Copy from the first line below down to and including the line with "Publika je i". Skip the pictures.

(DATA EXTRACT Opens)

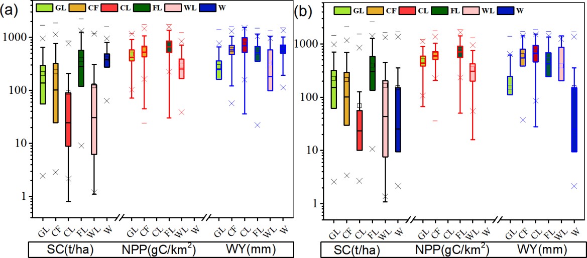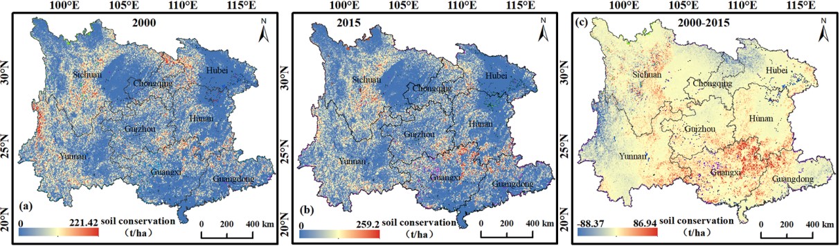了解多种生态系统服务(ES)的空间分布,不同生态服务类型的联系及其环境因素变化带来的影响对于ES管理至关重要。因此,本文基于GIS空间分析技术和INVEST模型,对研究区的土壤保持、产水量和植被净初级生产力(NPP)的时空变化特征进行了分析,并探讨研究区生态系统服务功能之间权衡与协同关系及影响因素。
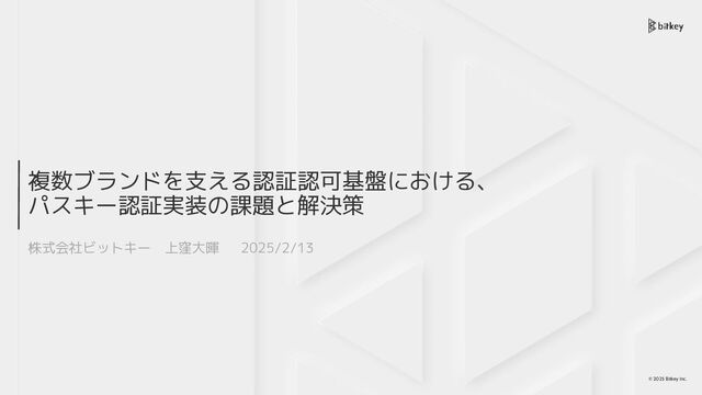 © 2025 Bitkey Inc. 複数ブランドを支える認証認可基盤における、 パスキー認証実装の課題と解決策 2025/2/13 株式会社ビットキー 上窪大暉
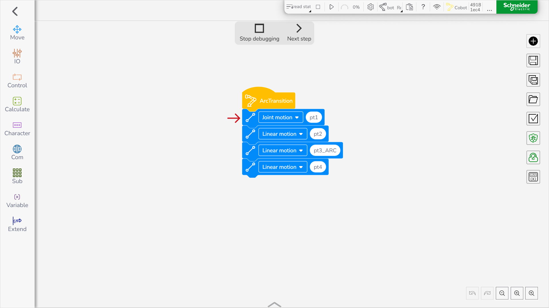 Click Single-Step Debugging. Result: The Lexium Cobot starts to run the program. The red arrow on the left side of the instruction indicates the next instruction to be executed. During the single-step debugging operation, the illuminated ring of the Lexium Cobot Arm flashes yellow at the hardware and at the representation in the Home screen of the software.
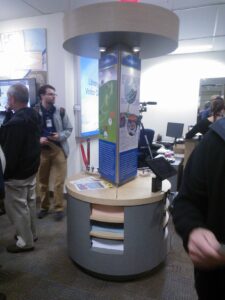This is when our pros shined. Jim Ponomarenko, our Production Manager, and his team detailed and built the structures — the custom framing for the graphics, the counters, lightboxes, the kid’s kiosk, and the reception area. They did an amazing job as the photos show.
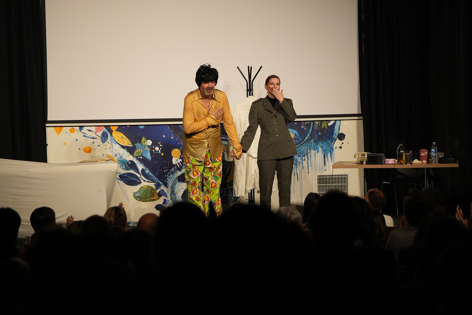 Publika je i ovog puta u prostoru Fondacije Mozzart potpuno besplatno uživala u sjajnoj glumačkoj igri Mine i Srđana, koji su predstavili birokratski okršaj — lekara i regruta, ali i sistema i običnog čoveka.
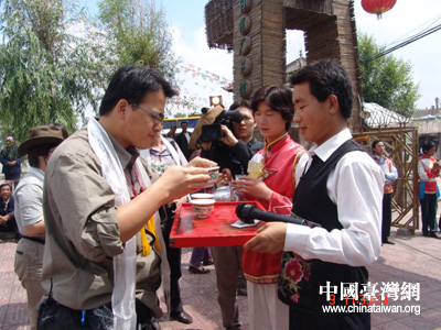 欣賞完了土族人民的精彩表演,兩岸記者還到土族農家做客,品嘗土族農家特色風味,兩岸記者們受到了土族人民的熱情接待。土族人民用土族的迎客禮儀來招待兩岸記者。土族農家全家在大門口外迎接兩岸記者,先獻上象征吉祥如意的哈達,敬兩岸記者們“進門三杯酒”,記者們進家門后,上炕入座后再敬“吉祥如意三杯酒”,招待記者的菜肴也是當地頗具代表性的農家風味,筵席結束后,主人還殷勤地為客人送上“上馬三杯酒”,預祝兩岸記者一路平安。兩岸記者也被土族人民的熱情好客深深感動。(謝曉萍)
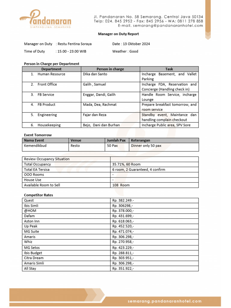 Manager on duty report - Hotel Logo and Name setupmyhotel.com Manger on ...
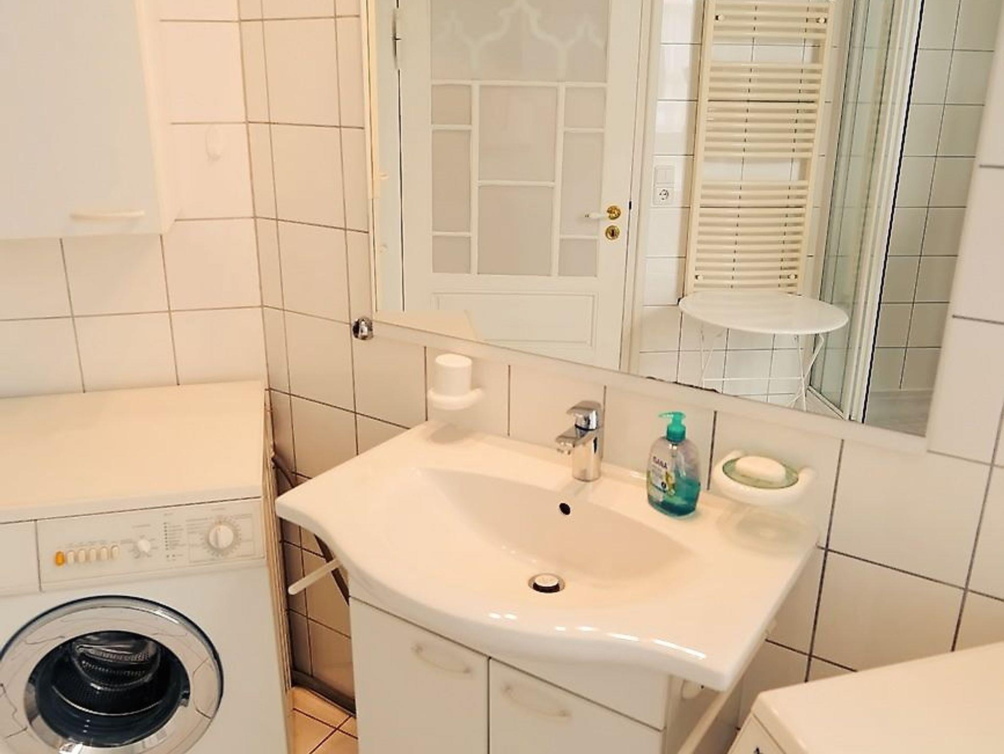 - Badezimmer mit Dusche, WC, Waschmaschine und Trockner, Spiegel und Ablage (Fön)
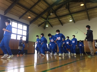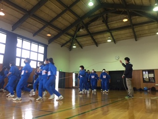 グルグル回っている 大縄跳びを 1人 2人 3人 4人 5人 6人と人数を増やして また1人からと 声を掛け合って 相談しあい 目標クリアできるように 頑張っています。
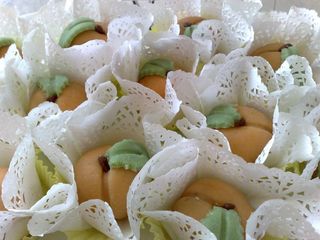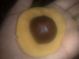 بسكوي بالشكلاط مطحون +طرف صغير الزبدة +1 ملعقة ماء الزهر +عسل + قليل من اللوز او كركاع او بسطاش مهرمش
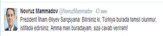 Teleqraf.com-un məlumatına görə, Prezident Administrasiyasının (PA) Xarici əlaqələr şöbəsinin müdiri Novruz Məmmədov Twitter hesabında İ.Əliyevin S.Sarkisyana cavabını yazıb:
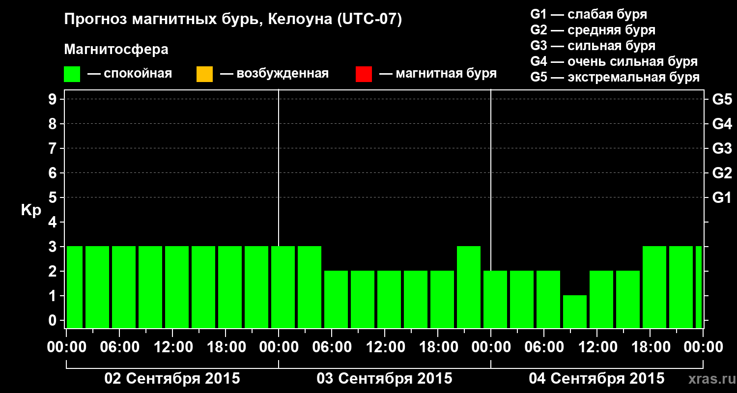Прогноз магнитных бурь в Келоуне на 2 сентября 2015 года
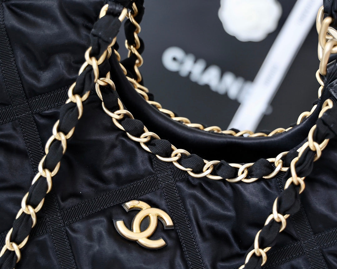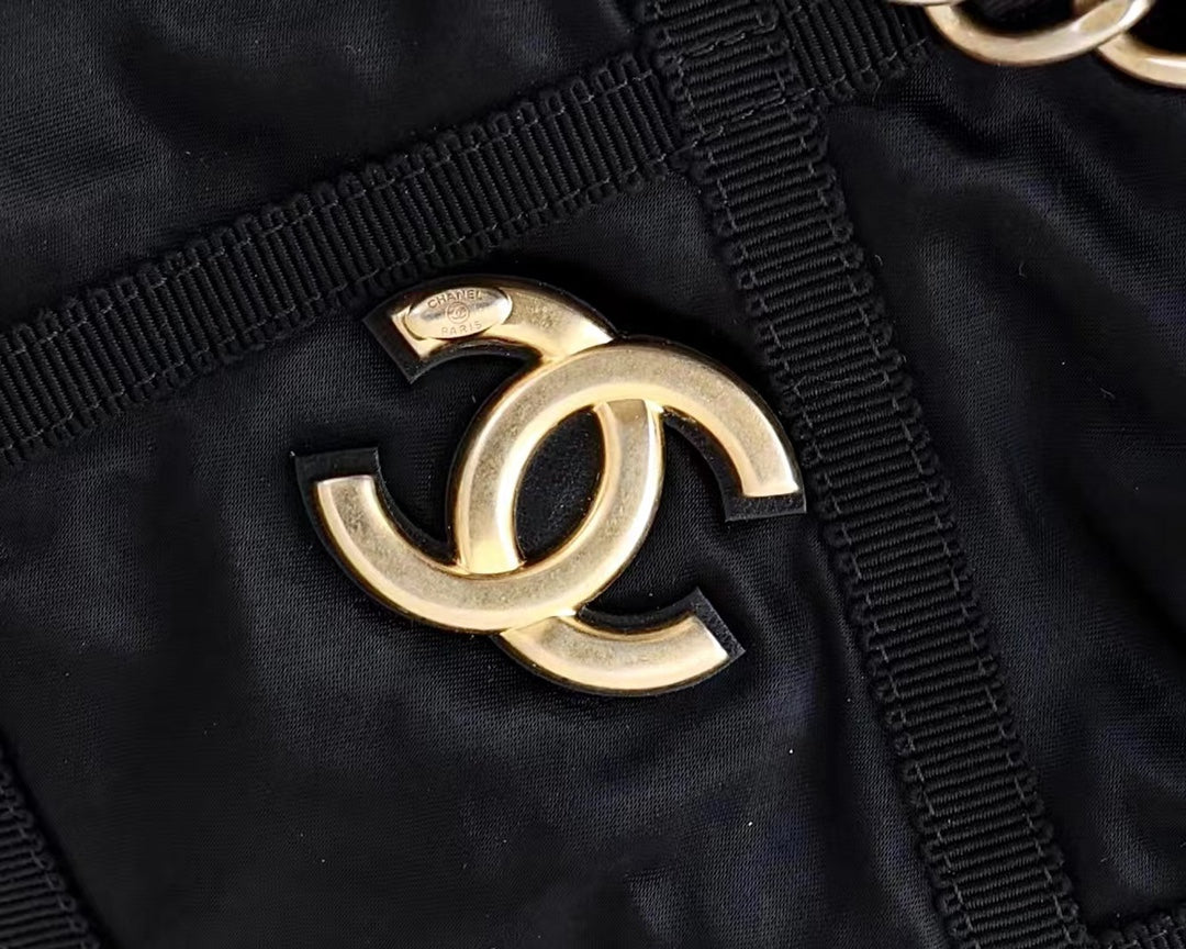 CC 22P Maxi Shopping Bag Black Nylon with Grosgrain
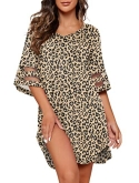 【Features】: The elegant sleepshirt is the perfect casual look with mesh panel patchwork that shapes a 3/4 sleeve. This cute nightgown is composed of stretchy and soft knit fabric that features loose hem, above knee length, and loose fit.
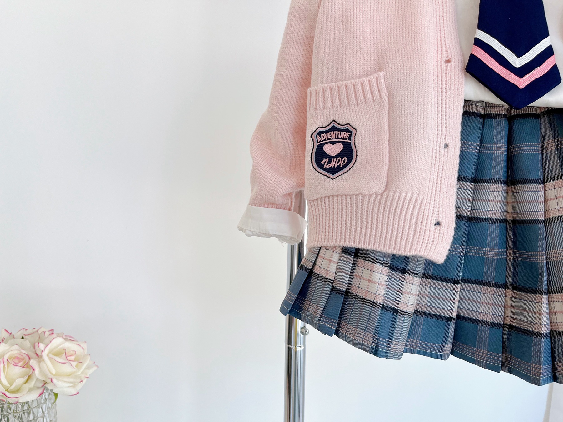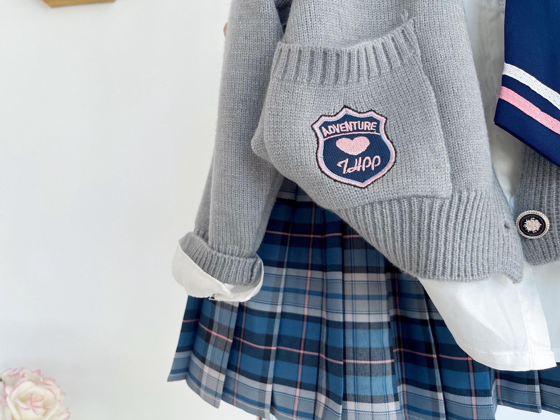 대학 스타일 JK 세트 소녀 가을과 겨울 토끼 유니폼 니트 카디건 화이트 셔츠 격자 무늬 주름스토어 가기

(DATA EXTRACT Closes)

> **THE COMPLETED TASK**:
了解多种生态系统服务(ES)的空间分布,不同生态服务类型的联系及其环境因素变化带来的影响对于ES管理至关重要。因此,本文基于GIS空间分析技术和INVEST模型,对研究区的土壤保持、产水量和植被净初级生产力(NPP)的时空变化特征进行了分析,并探讨研究区生态系统服务功能之间权衡与协同关系及影响因素。
 © 2025 Bitkey Inc. 複数ブランドを支える認証認可基盤における、 パスキー認証実装の課題と解決策 2025/2/13 株式会社ビットキー 上窪大暉
 Click Single-Step Debugging. Result: The Lexium Cobot starts to run the program. The red arrow on the left side of the instruction indicates the next instruction to be executed. During the single-step debugging operation, the illuminated ring of the Lexium Cobot Arm flashes yellow at the hardware and at the representation in the Home screen of the software.
This is when our pros shined. Jim Ponomarenko, our Production Manager, and his team detailed and built the structures — the custom framing for the graphics, the counters, lightboxes, the kid’s kiosk, and the reception area. They did an amazing job as the photos show.
 Publika je i ovog puta u prostoru Fondacije Mozzart potpuno besplatno uživala u sjajnoj glumačkoj igri Mine i Srđana, koji su predstavili birokratski okršaj — lekara i regruta, ali i sistema i običnog čoveka.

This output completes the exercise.